##### RECORDS FOR PROCESSING #####

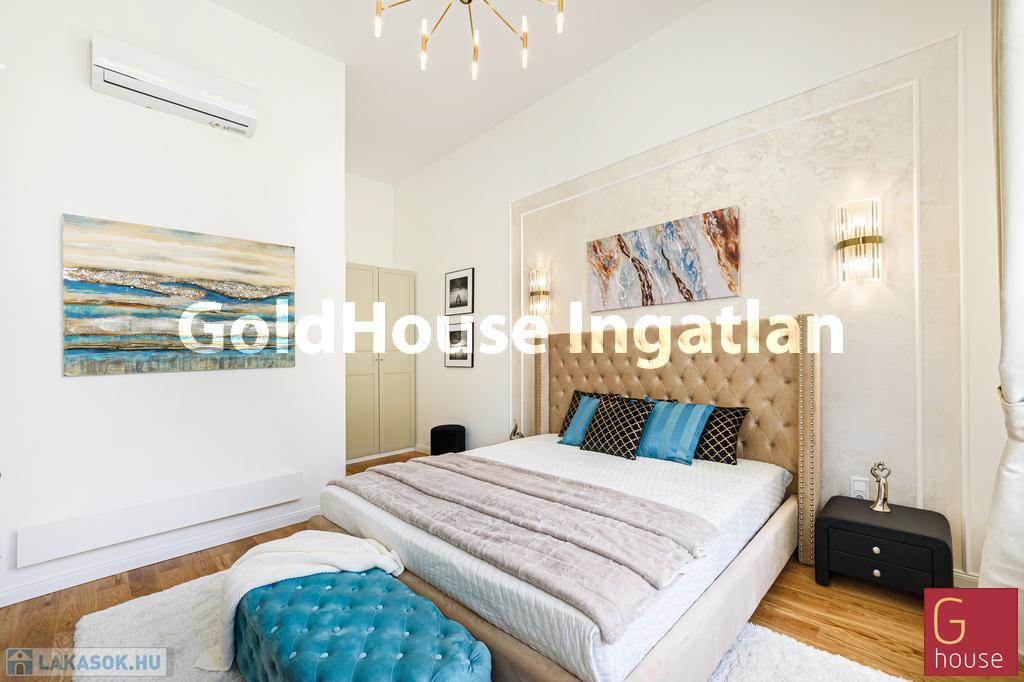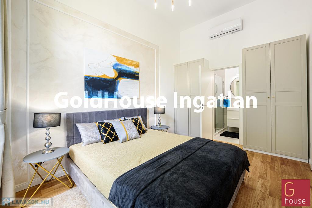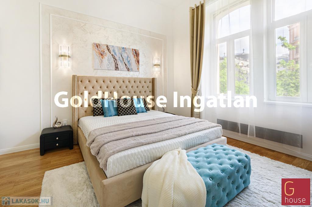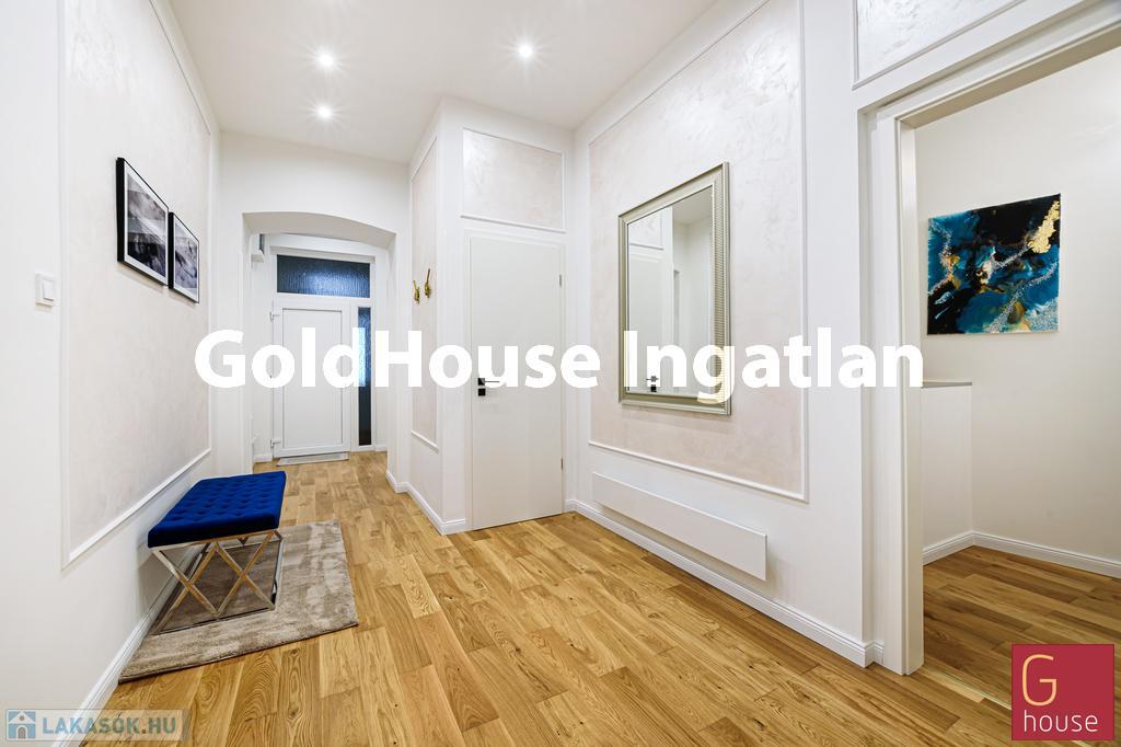 Az ingatlan belsőépítész által egyedi design megoldások alkalmazásával átépített belvárosi, nagypolgári, nagy belmagasságú 3.5 szobás (1 nappali, 3 külön bejáratú hálószoba) amerikai konyhás, 2 fürdőszobás, klimatizált, cirkófűtéses lakás.
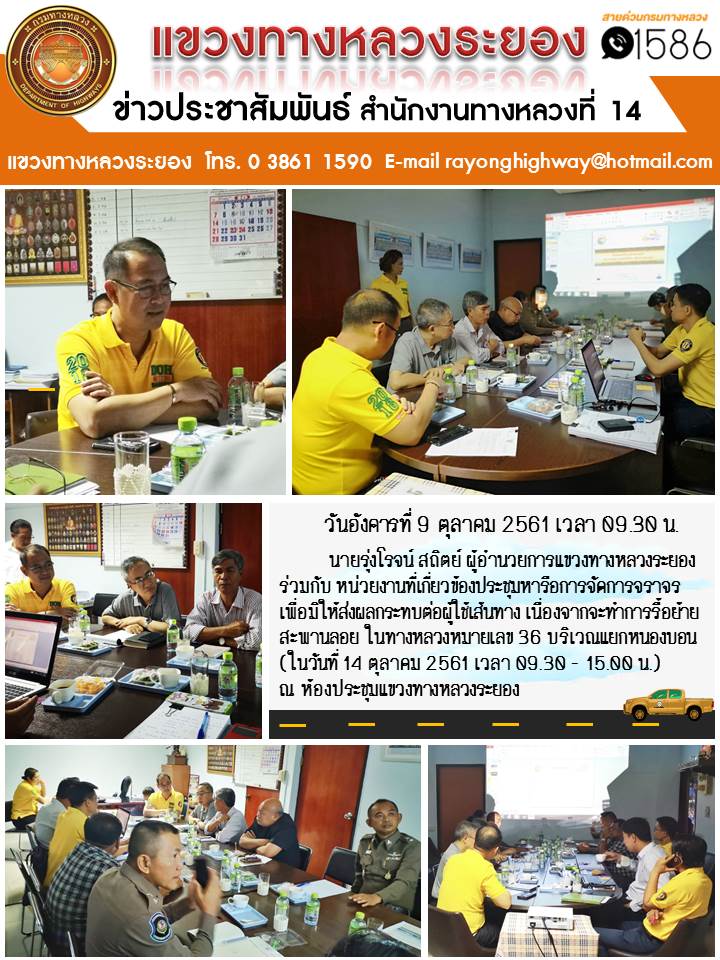 วันอังคารที่ 9 ตุลาคม 2561 เวลา 09.30 น. นายรุ่งโรจน์ สถิตย์ ผู้อำนวยการแขวงทางหลวงระยอง ร่วมกับ หน่วยงานที่เกี่ยวข้องประชุมหารือการจัดการจราจร เพื่อมิให้ส่งผลกระทบต่อผู้ใช้เส้นทาง เนื่องจากจะทำการรื้อย้ายสะพานลอย ในทางหลวงหมายเลข 36 บริเวณแยกหนองบอน (ในวันที่ 14 ตุลาคม 2561 เวลา 09.30 - 15.00 น.) ณ ห้องประชุมแขวงทางหลวงระยอง #แขวงทางหลวงระยอง #กรมทางหลวง #สายด่วนกรมทางหลวง1586 #เรารักกรมทางหลวง
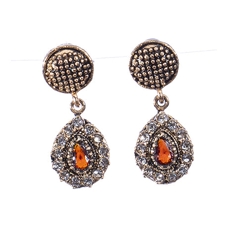 BOUCLES D'OREILLES AZNIVE EN BRONZE A PIERRE ROUGE ORANGÉ SUR ARC SERTIE DE CRISTAUX
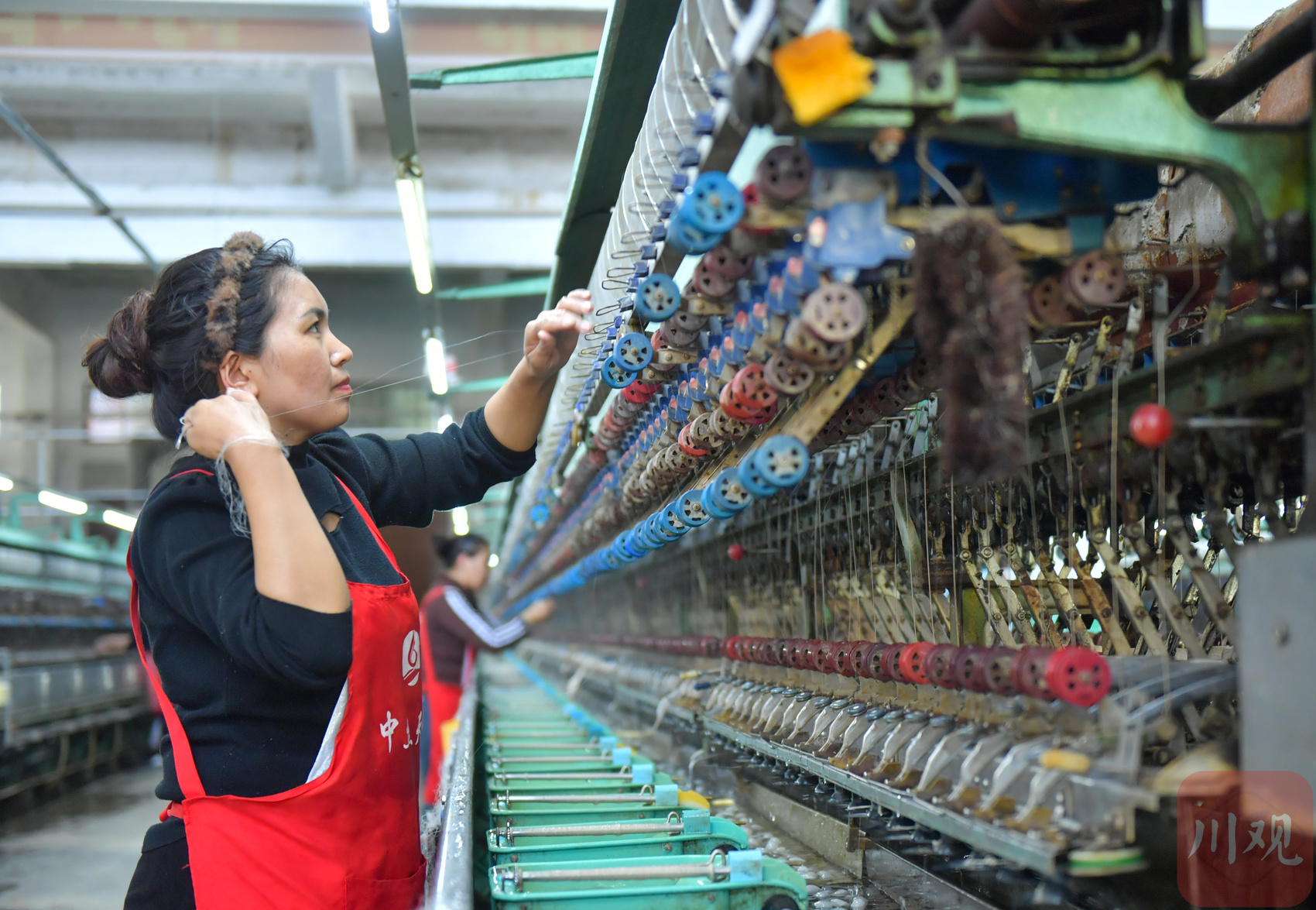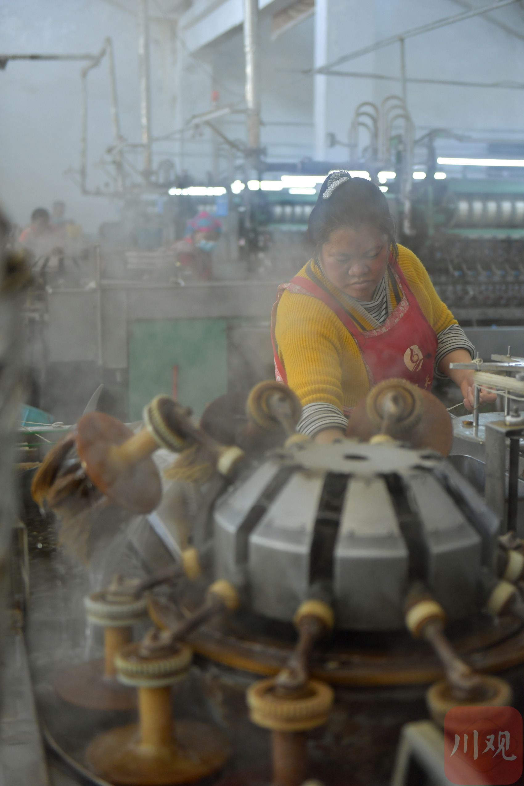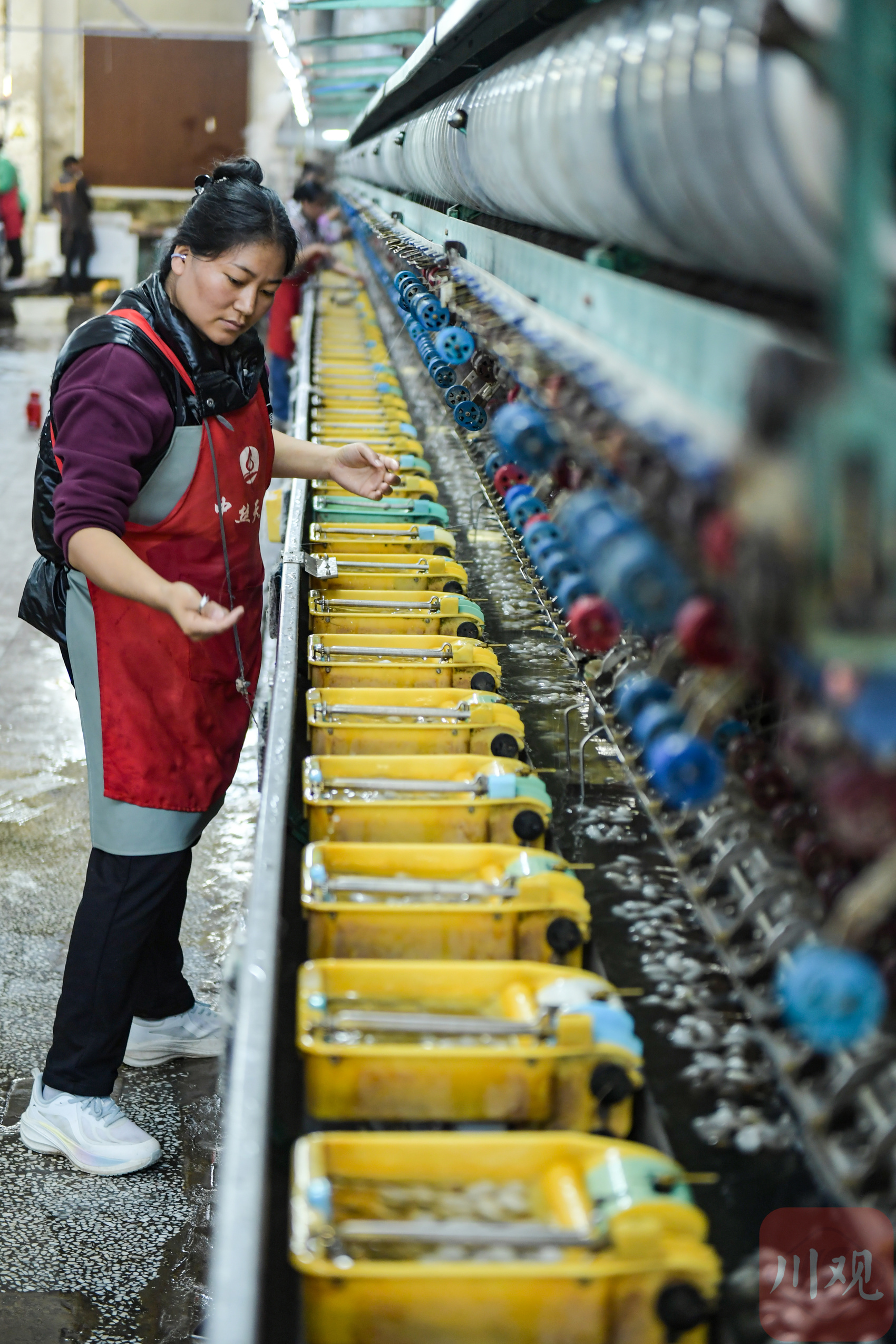 2025年12月28日,在位于攀枝花市盐边县桐子林镇金河村的中丝天成(攀枝花)丝绸公司缫丝厂内,工人正在编丝。
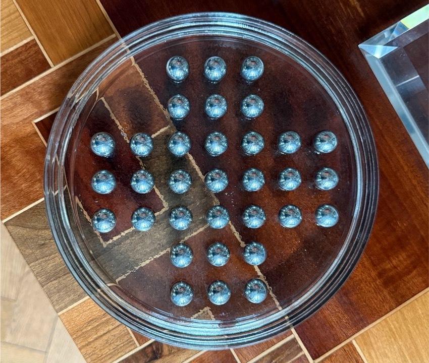 Gepflegtes Solitairespiel , bestehend aus Acrylspielplatte und 35 Edelstahlkugeln. Die Platte weist leichte Gebrauchsspuren in Form von Kratzern auf, die Kugeln wurden aufpoliert und zeigen keinerlei Oxidations -noch sonstige Schäden. Es wird bei Interesse noch eine Spielplatte aus Eisglas mitgeliefert.
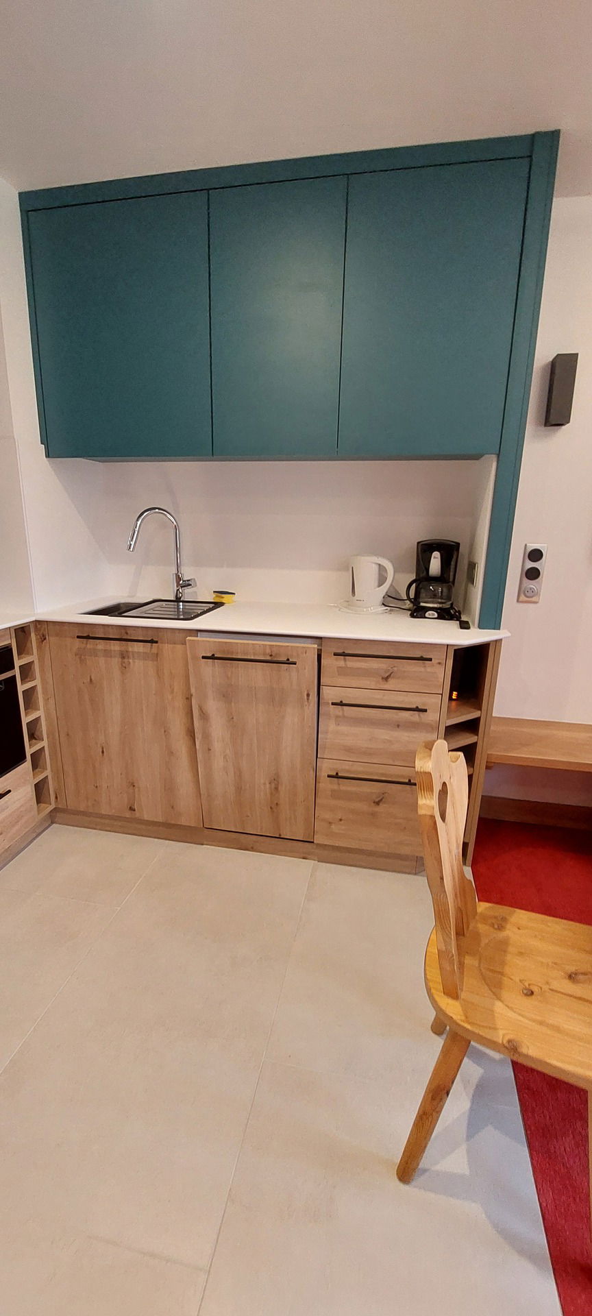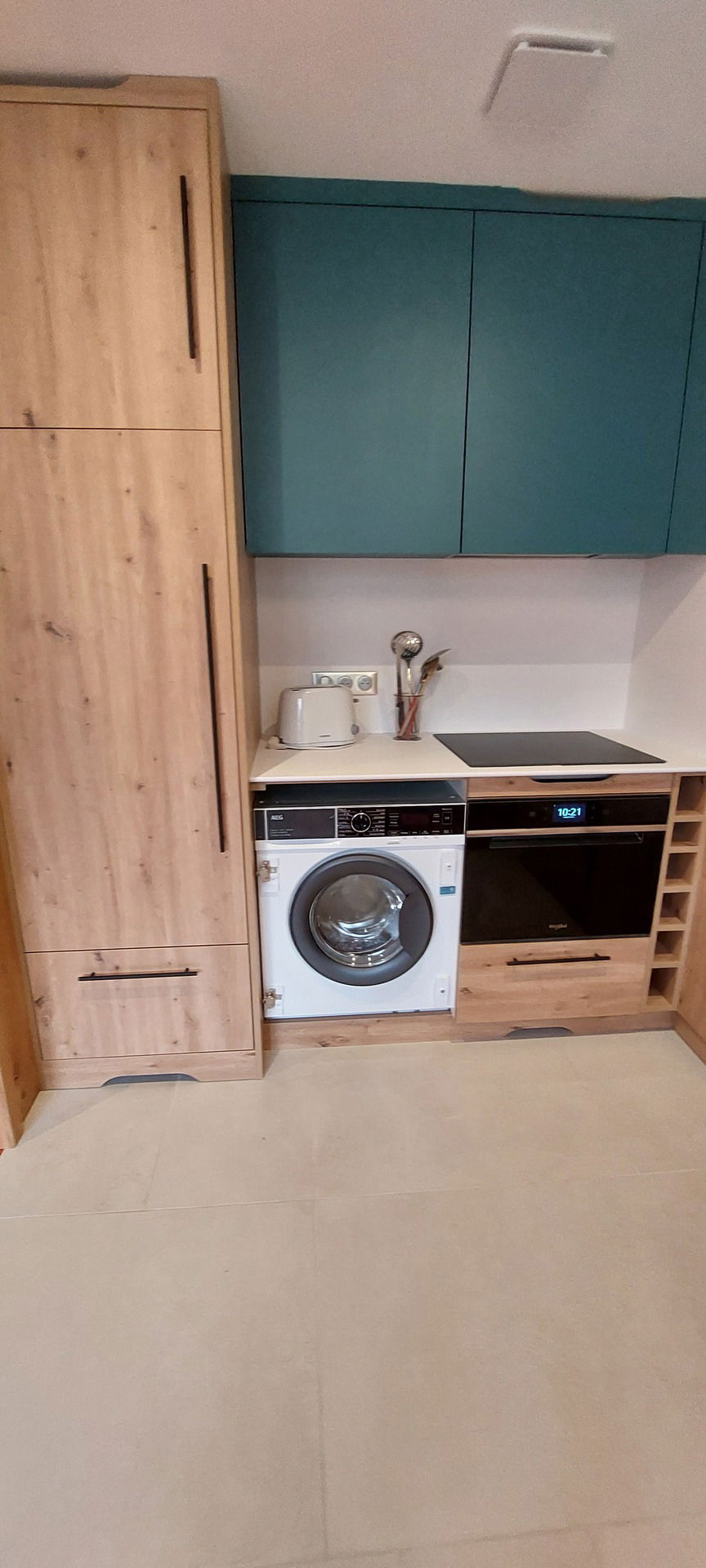 Equipée d'un micro-ondes avec grill, lave-vaisselle, réfrigérateur avec freezer, plaque induction, hotte aspirante et lave linge séchant
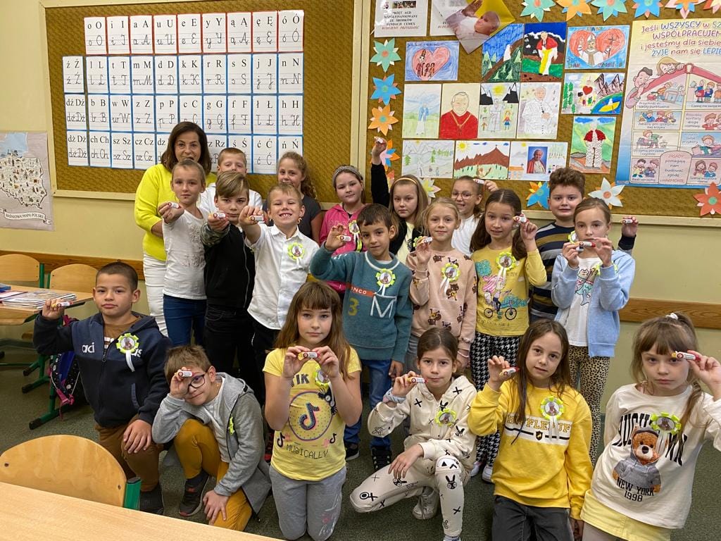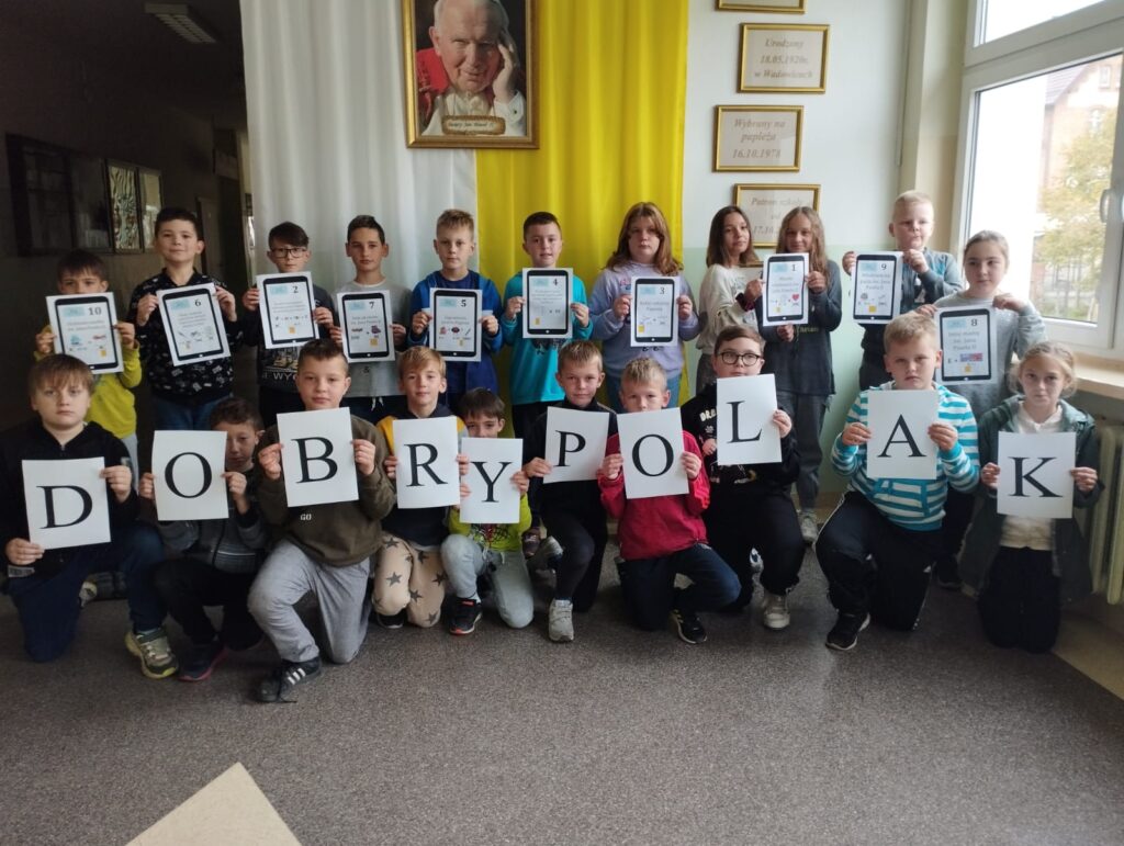 W dniach 17-20 października z okazji XXII Dnia Papieskiego i 44 rocznicy wyboru Karola Wojtyły na papieża, w naszej szkole odbyły się podchody papieskie. Konkurs został przeprowadzony w klasach 4 i 5. Dzieci miały za zadanie odszukać na terenie szkoły dziesięć zagadek w formie rebusów związanych z życiem świętego Jana Pawła II. Podchody dostarczyły uczniom wiele radości podczas odgadywania kolejnych liter z hasła – DOBRY POLAK. Wszyscy zgodnie przyznali, że świetnie się przy tym bawili.

#####

Wherever an image appears, omit it; copy the rest of the records exactly.

→ **TASK SOLUTION**
 Az ingatlan belsőépítész által egyedi design megoldások alkalmazásával átépített belvárosi, nagypolgári, nagy belmagasságú 3.5 szobás (1 nappali, 3 külön bejáratú hálószoba) amerikai konyhás, 2 fürdőszobás, klimatizált, cirkófűtéses lakás.
 วันอังคารที่ 9 ตุลาคม 2561 เวลา 09.30 น. นายรุ่งโรจน์ สถิตย์ ผู้อำนวยการแขวงทางหลวงระยอง ร่วมกับ หน่วยงานที่เกี่ยวข้องประชุมหารือการจัดการจราจร เพื่อมิให้ส่งผลกระทบต่อผู้ใช้เส้นทาง เนื่องจากจะทำการรื้อย้ายสะพานลอย ในทางหลวงหมายเลข 36 บริเวณแยกหนองบอน (ในวันที่ 14 ตุลาคม 2561 เวลา 09.30 - 15.00 น.) ณ ห้องประชุมแขวงทางหลวงระยอง #แขวงทางหลวงระยอง #กรมทางหลวง #สายด่วนกรมทางหลวง1586 #เรารักกรมทางหลวง
 BOUCLES D'OREILLES AZNIVE EN BRONZE A PIERRE ROUGE ORANGÉ SUR ARC SERTIE DE CRISTAUX
 2025年12月28日,在位于攀枝花市盐边县桐子林镇金河村的中丝天成(攀枝花)丝绸公司缫丝厂内,工人正在编丝。
 Gepflegtes Solitairespiel , bestehend aus Acrylspielplatte und 35 Edelstahlkugeln. Die Platte weist leichte Gebrauchsspuren in Form von Kratzern auf, die Kugeln wurden aufpoliert und zeigen keinerlei Oxidations -noch sonstige Schäden. Es wird bei Interesse noch eine Spielplatte aus Eisglas mitgeliefert.
 Equipée d'un micro-ondes avec grill, lave-vaisselle, réfrigérateur avec freezer, plaque induction, hotte aspirante et lave linge séchant
 W dniach 17-20 października z okazji XXII Dnia Papieskiego i 44 rocznicy wyboru Karola Wojtyły na papieża, w naszej szkole odbyły się podchody papieskie. Konkurs został przeprowadzony w klasach 4 i 5. Dzieci miały za zadanie odszukać na terenie szkoły dziesięć zagadek w formie rebusów związanych z życiem świętego Jana Pawła II. Podchody dostarczyły uczniom wiele radości podczas odgadywania kolejnych liter z hasła – DOBRY POLAK. Wszyscy zgodnie przyznali, że świetnie się przy tym bawili.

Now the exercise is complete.